Maria took charge and persuaded me – strongly – to spend the morning in bed, where I dozed a bit and read. She brought me tea and soup and yelled at me when I moved around.  Lenore stayed with me.  Maria is sweet but Sicilian, and when she gets worked up, I obey. I got permission to get  up to have lunch with my friend the writer Jenna Woiginrich, who publishes one of the world’s great blogs from nearby Cold Antler Farm. It was her turn to pay and we went to the Burger Den in Salem, where they have at least 400 things on the menu, all but a handful frozen. I am a cheap date, as she conceded.

Jenna, who is barely out of diapers,  and I have an odd history. She e-mailed me a few years back, seeking advice from a fellow shepherd, and she did not know that I was in the midst of cracking up, and was besieged by stalkers after HBO decided to make a movie out of “A Dog Year.” I told her I wasn’t into mentoring and I didn’t say so, but clearly hoped she would get lost. At the time, I was modeling Bedlam Farm  from Attica.

Last year, it was me who e-mailed her, as  I was blown away by the writing I saw in her blog and one of the  books – “Chick Days,” “Made From Scratch” – that  she has already published about her life as a homesteader, farmer, Dystopian-Utopian, Animal and Border Collie Loving, Workshop-Sponsoring, Chicken-Slaughtering, Homesteading Eco- Survivalist. She forgave my earlier brush-off, although she did not forget it, and brought her sweet border collie Gibson over to work sheep with Rose this summer. Jenna and I became good friends right away. After all, how many crazy and willful blogger/writers with farms and animals live around here? Or anywhere? We share the same appreciation of corporatism, and devote much of our lives to avoiding it, and also a love of individualism. Not to mention writing books.

Jenna is very impressive. She is young, brave, bursting with ideas, workshops, ideas, and determination to keep her farm. She writes beautifully and vividly,  works hard, managed to get a farm mortgage, sells ads, barters for woodstoves and greenhouses, grows much of her own food.  She is living a self-determined life when so many people live to pay their bills and be safe, and she has a book coming out soon – Barnheart – about her passion to get a farm and live there. It’s interesting, because I always saw myself as a writer who had a farm, and she insisted she was a farmer, but not a writer.  Oh, well, I was right. I appreciate having her as a friend.
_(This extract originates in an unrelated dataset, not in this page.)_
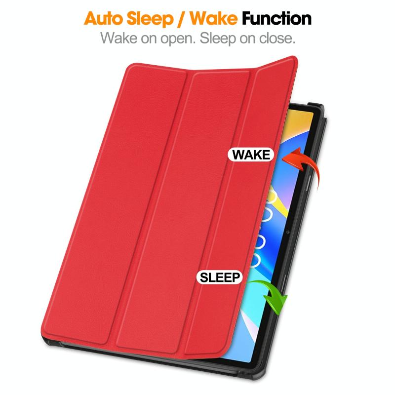 For Teclast M40 Plus Custer Pure Color 3-Fold Holder Leather Tablet Case(Red)

Jenna got herself a hot NYC literary agent recently and you will be hearing a lot of noise from her in the next few years, trust me.
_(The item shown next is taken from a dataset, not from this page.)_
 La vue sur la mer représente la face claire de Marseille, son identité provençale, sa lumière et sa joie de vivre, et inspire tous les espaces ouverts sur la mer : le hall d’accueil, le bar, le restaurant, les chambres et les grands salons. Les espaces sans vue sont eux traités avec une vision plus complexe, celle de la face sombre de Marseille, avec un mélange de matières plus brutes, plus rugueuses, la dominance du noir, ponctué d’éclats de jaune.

Maria says she means for me to take it easy the next couple of days, and agree. I’m reading Michael Ondaatje’s “The Cat’s Tale” and a new biography of John Brown. Plus Vol. 4 of the Zohar, (the Kabbalah). I’m also going to try and see the new Clint Eastwood movie “J. Edgar.” I’ll file a report on that. Happy to report that my Iphone, Ipad2, Macs are humming along.